→ EXERCISE OBJECTIVE
Emit the data below verbatim, stripping out any pictures.

→ INPUT DATA

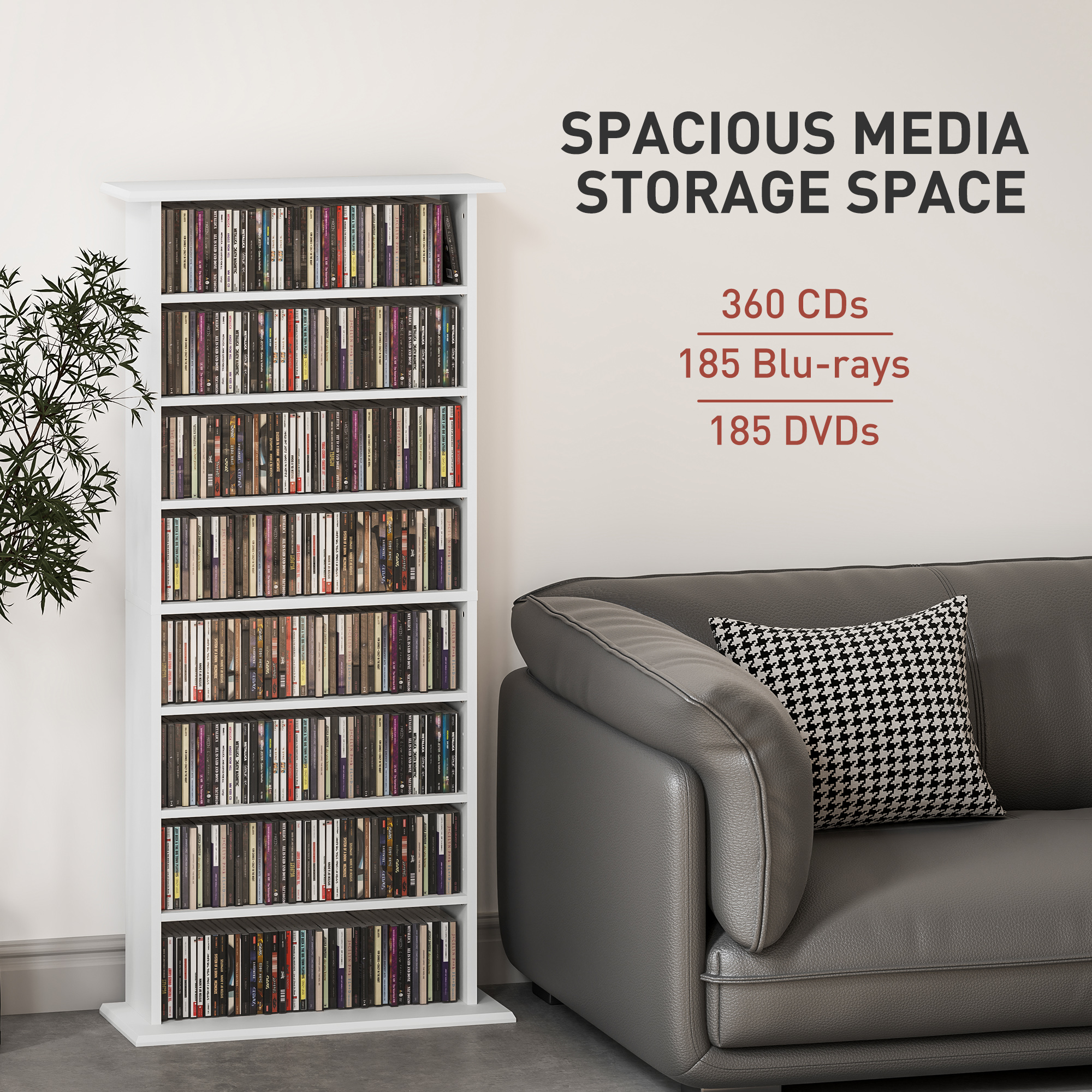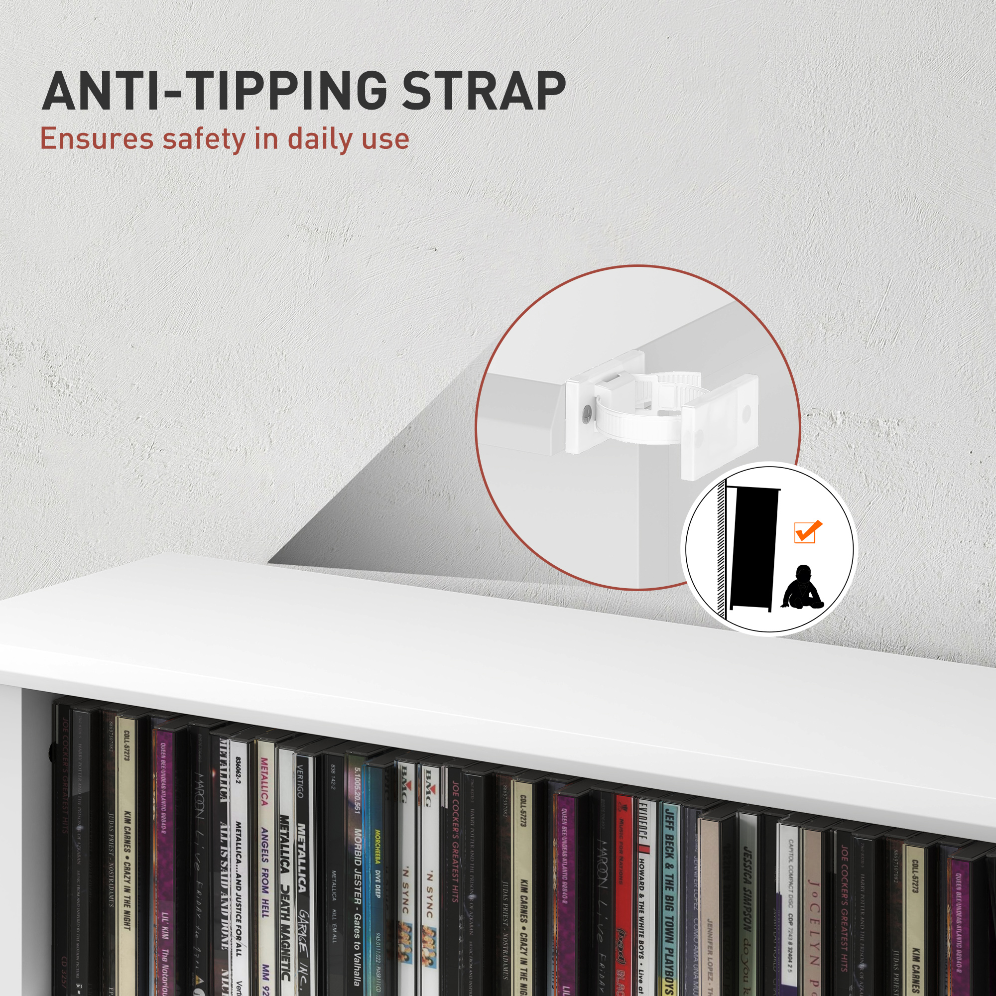 This HOMCOM DVD rack showcases 8 shelves, with 6 adjustable shelves: room for up to 360 CDs, 185 DVDs or 185 Blu-rays. Made from particle board, the CD shelf's structure is reliable and is made to be used every day. Coming with anti-tipping straps to fix to a wall, so our HOMCOM DVD shelf doesn't fall forwards and cause damage.
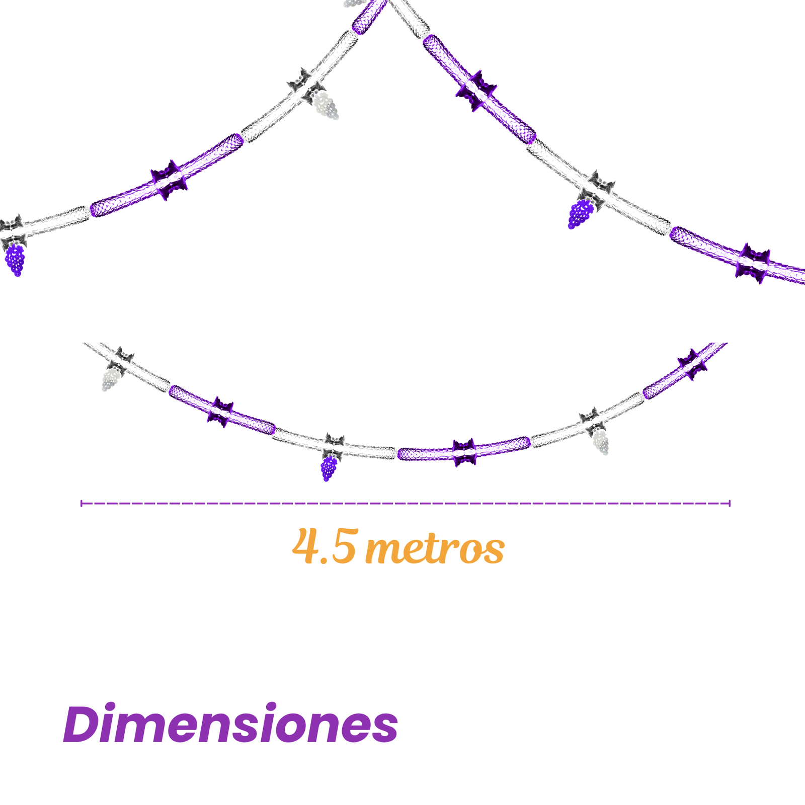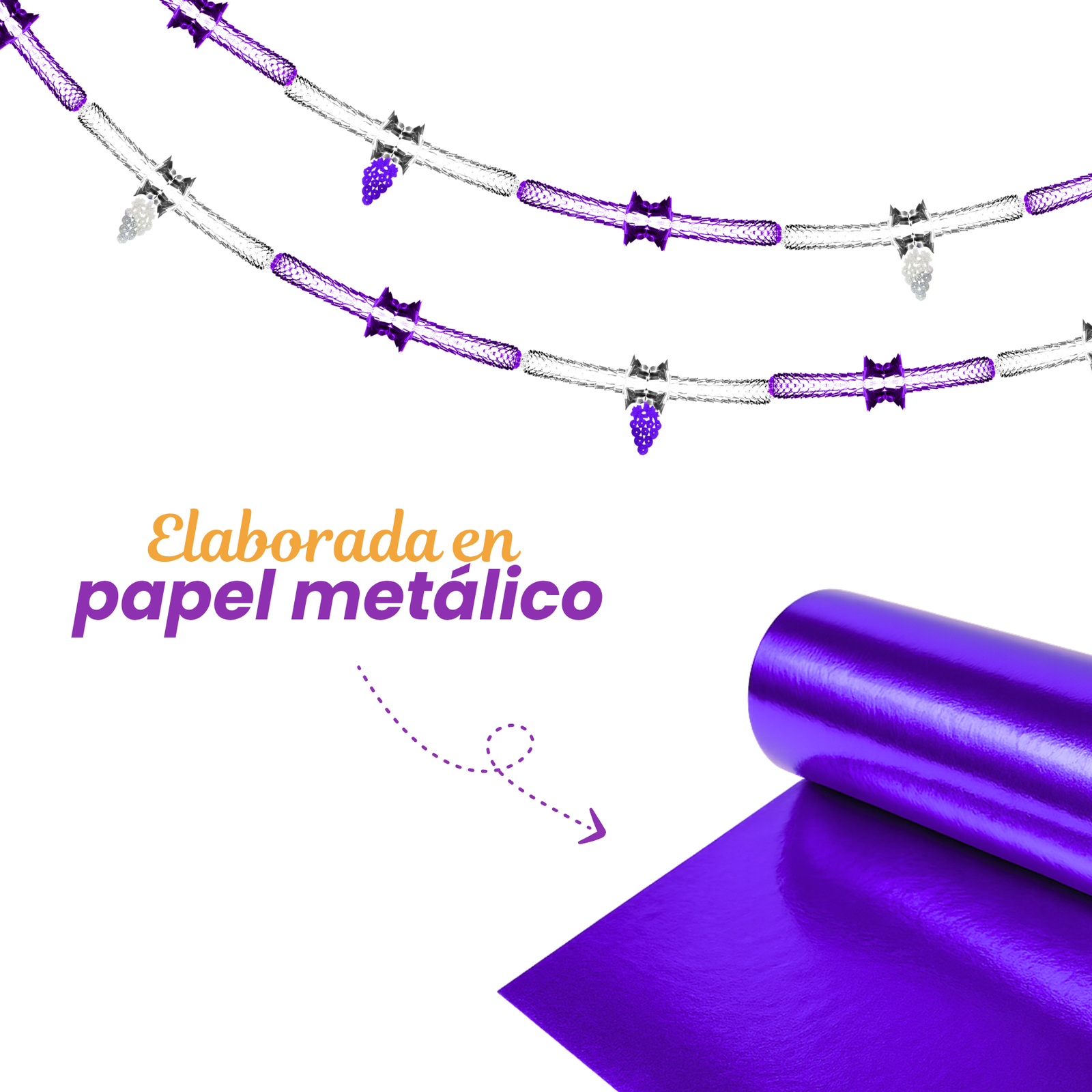 Elaborada en papel metálico, presenta una estructura decorativa en tonos plata y morado que genera contraste visual y brillo dentro del montaje. Su diseño permite crear líneas decorativas continuas en techos, pasillos o fondos, aportando presencia sin saturar el espacio. Gracias a su estructura ligera, es fácil de instalar y combinar con otros elementos decorativos de temporada. Se recomienda su uso en interiores. Incluye elementos colgantes decorativos que añaden mayor detalle y volumen visual.
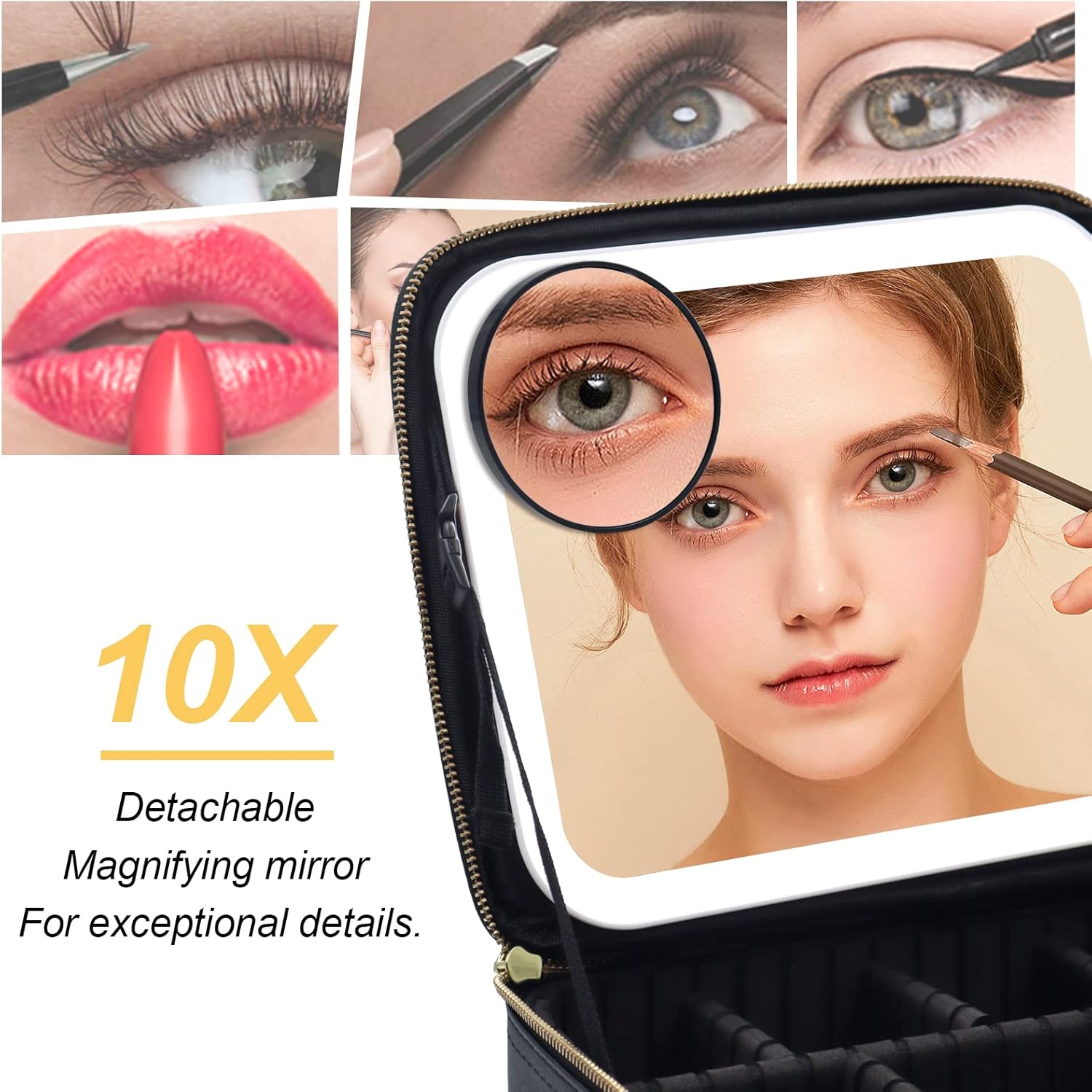 - 【10X Magnifying Mirror As a Gift】The detachable 3.5 inch 10X magnifying mirror comes with our makeup organizer bag which works excellent for applying eyeliner or mascara, lining and defining the eyebrows, putting on contact lenses, and other beauty and skincare needs. You can see the face for every detail so that you can enjoy meticulous makeup. A must have for travel or business trips.

→ RESPONSE AREA
 This HOMCOM DVD rack showcases 8 shelves, with 6 adjustable shelves: room for up to 360 CDs, 185 DVDs or 185 Blu-rays. Made from particle board, the CD shelf's structure is reliable and is made to be used every day. Coming with anti-tipping straps to fix to a wall, so our HOMCOM DVD shelf doesn't fall forwards and cause damage.
 Elaborada en papel metálico, presenta una estructura decorativa en tonos plata y morado que genera contraste visual y brillo dentro del montaje. Su diseño permite crear líneas decorativas continuas en techos, pasillos o fondos, aportando presencia sin saturar el espacio. Gracias a su estructura ligera, es fácil de instalar y combinar con otros elementos decorativos de temporada. Se recomienda su uso en interiores. Incluye elementos colgantes decorativos que añaden mayor detalle y volumen visual.
 - 【10X Magnifying Mirror As a Gift】The detachable 3.5 inch 10X magnifying mirror comes with our makeup organizer bag which works excellent for applying eyeliner or mascara, lining and defining the eyebrows, putting on contact lenses, and other beauty and skincare needs. You can see the face for every detail so that you can enjoy meticulous makeup. A must have for travel or business trips.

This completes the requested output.